> _What to produce_
Everything from the line with "Κιμονό Noto από" down to the line with "On le croit" below must be printed exactly, those two lines included. Exclude pictures.

> _Entries supplied_
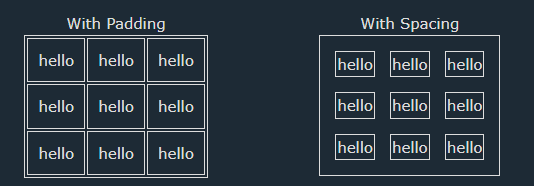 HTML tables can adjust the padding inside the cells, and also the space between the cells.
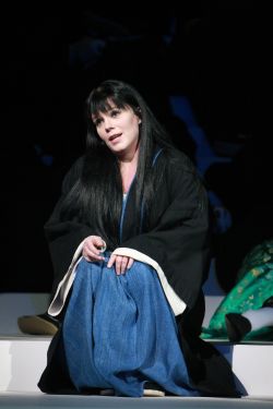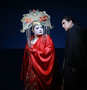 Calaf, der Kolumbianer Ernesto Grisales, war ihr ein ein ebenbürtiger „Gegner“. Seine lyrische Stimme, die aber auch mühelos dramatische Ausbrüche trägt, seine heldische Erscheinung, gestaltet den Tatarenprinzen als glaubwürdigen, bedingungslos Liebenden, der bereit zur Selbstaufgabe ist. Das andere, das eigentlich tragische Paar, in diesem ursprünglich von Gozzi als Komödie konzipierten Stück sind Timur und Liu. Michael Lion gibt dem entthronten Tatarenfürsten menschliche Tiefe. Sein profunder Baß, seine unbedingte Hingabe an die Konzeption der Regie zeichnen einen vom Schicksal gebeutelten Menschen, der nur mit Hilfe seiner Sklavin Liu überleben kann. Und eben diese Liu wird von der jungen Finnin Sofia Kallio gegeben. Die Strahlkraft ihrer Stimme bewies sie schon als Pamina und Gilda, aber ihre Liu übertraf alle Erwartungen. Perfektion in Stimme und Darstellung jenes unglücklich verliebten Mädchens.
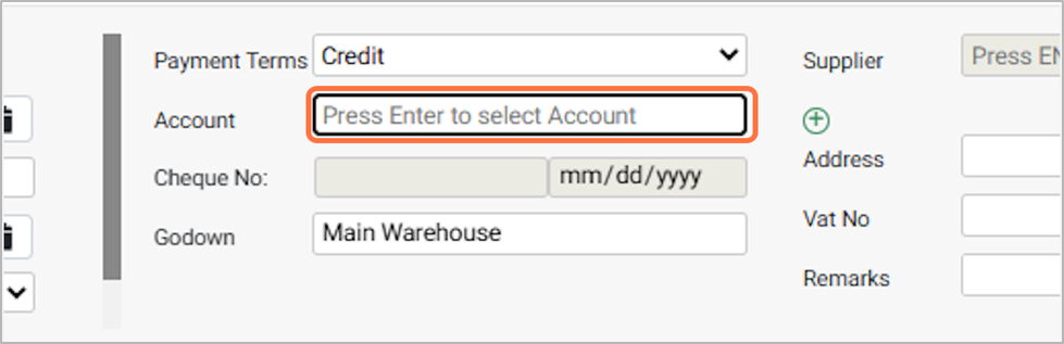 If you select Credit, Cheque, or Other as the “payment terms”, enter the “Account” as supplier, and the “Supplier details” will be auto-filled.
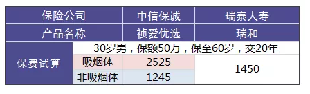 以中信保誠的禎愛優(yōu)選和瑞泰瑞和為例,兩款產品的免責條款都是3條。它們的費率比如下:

--

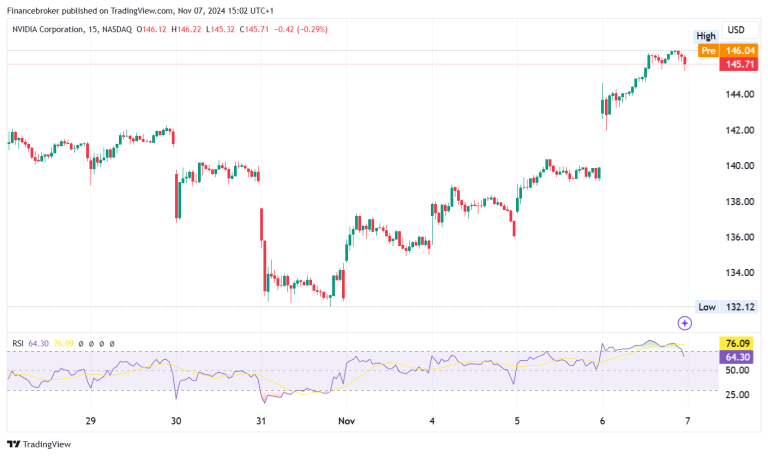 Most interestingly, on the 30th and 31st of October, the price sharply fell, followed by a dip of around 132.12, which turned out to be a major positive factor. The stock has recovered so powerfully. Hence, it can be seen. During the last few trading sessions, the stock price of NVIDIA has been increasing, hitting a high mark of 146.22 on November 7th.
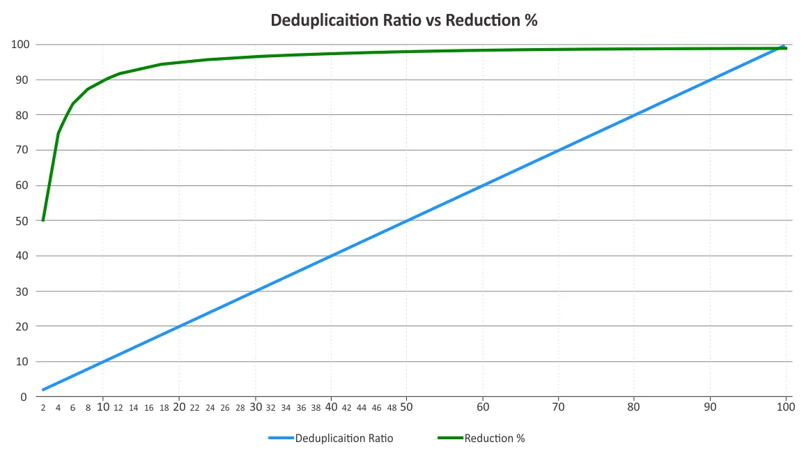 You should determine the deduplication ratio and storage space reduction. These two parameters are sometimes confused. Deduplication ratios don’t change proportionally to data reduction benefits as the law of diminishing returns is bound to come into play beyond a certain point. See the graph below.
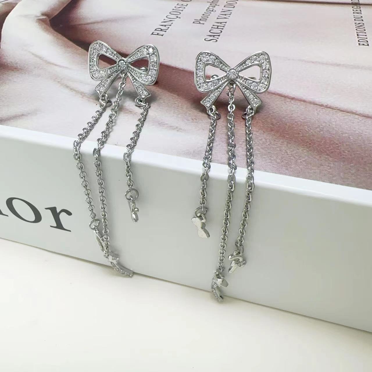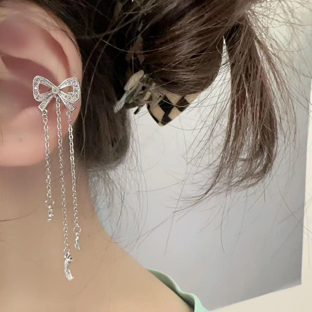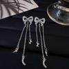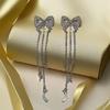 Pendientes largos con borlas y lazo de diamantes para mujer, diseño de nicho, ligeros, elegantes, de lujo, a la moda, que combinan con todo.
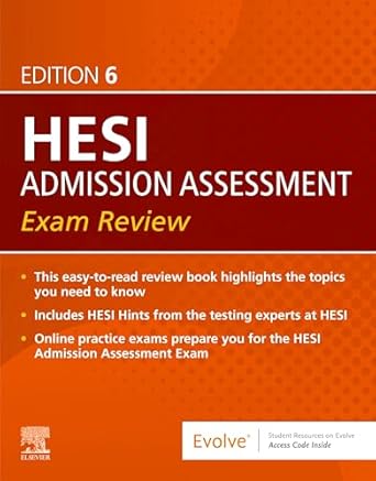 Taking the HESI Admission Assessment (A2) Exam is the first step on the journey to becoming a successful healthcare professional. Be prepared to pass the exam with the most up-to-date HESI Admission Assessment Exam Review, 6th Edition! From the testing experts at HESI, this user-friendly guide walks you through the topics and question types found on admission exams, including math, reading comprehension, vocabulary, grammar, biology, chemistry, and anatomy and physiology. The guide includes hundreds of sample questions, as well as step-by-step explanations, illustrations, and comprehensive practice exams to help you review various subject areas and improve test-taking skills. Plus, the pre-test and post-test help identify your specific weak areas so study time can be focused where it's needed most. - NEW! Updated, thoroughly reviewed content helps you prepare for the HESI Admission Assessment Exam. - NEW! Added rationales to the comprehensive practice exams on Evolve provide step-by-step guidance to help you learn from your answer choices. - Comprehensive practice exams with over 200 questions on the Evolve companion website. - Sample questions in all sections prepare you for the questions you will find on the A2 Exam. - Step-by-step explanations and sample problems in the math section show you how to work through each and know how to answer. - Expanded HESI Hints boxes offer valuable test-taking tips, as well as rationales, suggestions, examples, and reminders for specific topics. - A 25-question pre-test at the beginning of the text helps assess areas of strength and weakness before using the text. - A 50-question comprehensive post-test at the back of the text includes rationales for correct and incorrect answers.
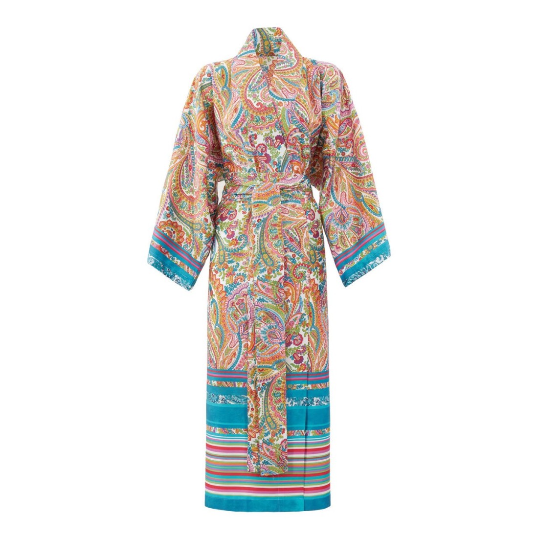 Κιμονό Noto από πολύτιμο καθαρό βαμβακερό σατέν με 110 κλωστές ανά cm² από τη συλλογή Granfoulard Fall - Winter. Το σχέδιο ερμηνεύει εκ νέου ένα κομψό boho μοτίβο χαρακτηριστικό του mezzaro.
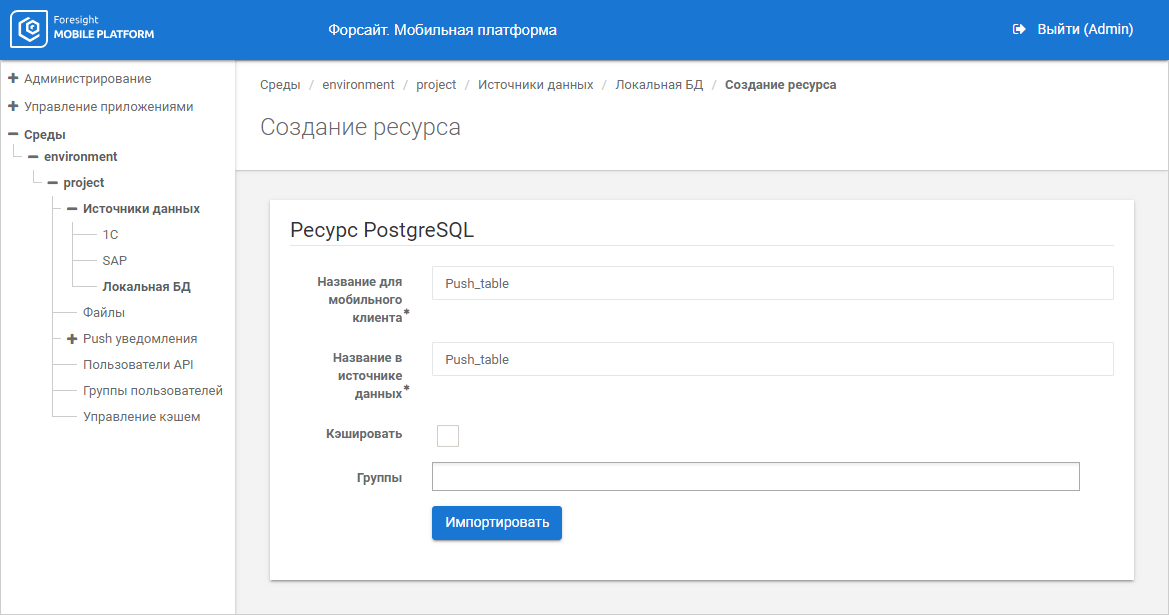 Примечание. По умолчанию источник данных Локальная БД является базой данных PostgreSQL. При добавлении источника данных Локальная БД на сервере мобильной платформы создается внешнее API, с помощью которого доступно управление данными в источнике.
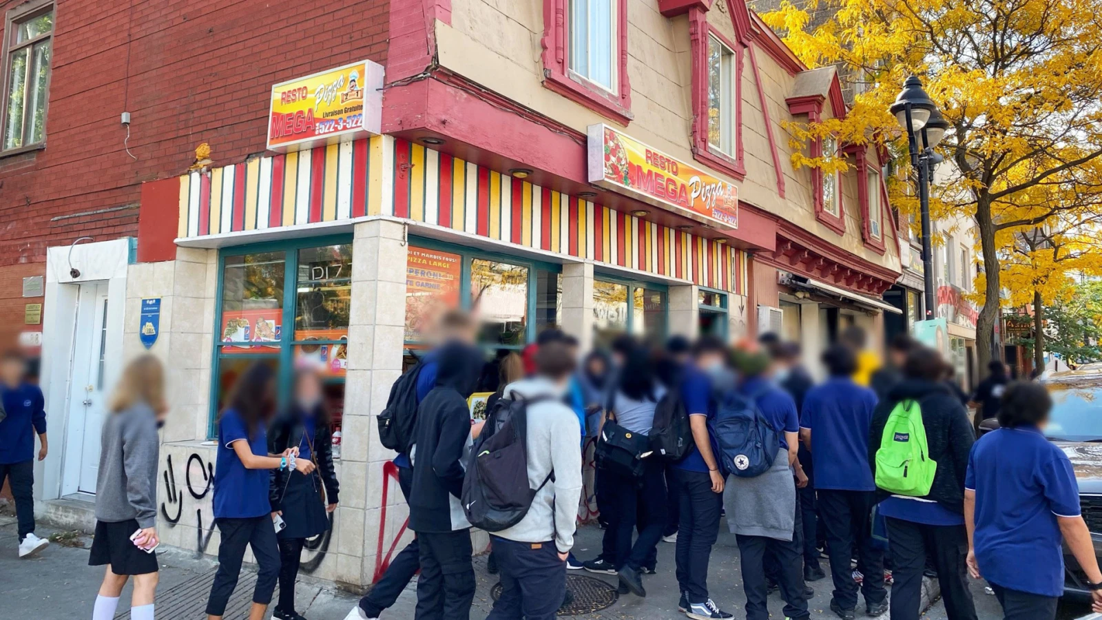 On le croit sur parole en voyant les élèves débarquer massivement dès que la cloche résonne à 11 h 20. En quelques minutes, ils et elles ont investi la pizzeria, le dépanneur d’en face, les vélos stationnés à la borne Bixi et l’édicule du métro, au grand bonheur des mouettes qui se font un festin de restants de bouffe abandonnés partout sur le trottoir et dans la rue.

> _Task result_
 Κιμονό Noto από πολύτιμο καθαρό βαμβακερό σατέν με 110 κλωστές ανά cm² από τη συλλογή Granfoulard Fall - Winter. Το σχέδιο ερμηνεύει εκ νέου ένα κομψό boho μοτίβο χαρακτηριστικό του mezzaro.
 Примечание. По умолчанию источник данных Локальная БД является базой данных PostgreSQL. При добавлении источника данных Локальная БД на сервере мобильной платформы создается внешнее API, с помощью которого доступно управление данными в источнике.
 On le croit sur parole en voyant les élèves débarquer massivement dès que la cloche résonne à 11 h 20. En quelques minutes, ils et elles ont investi la pizzeria, le dépanneur d’en face, les vélos stationnés à la borne Bixi et l’édicule du métro, au grand bonheur des mouettes qui se font un festin de restants de bouffe abandonnés partout sur le trottoir et dans la rue.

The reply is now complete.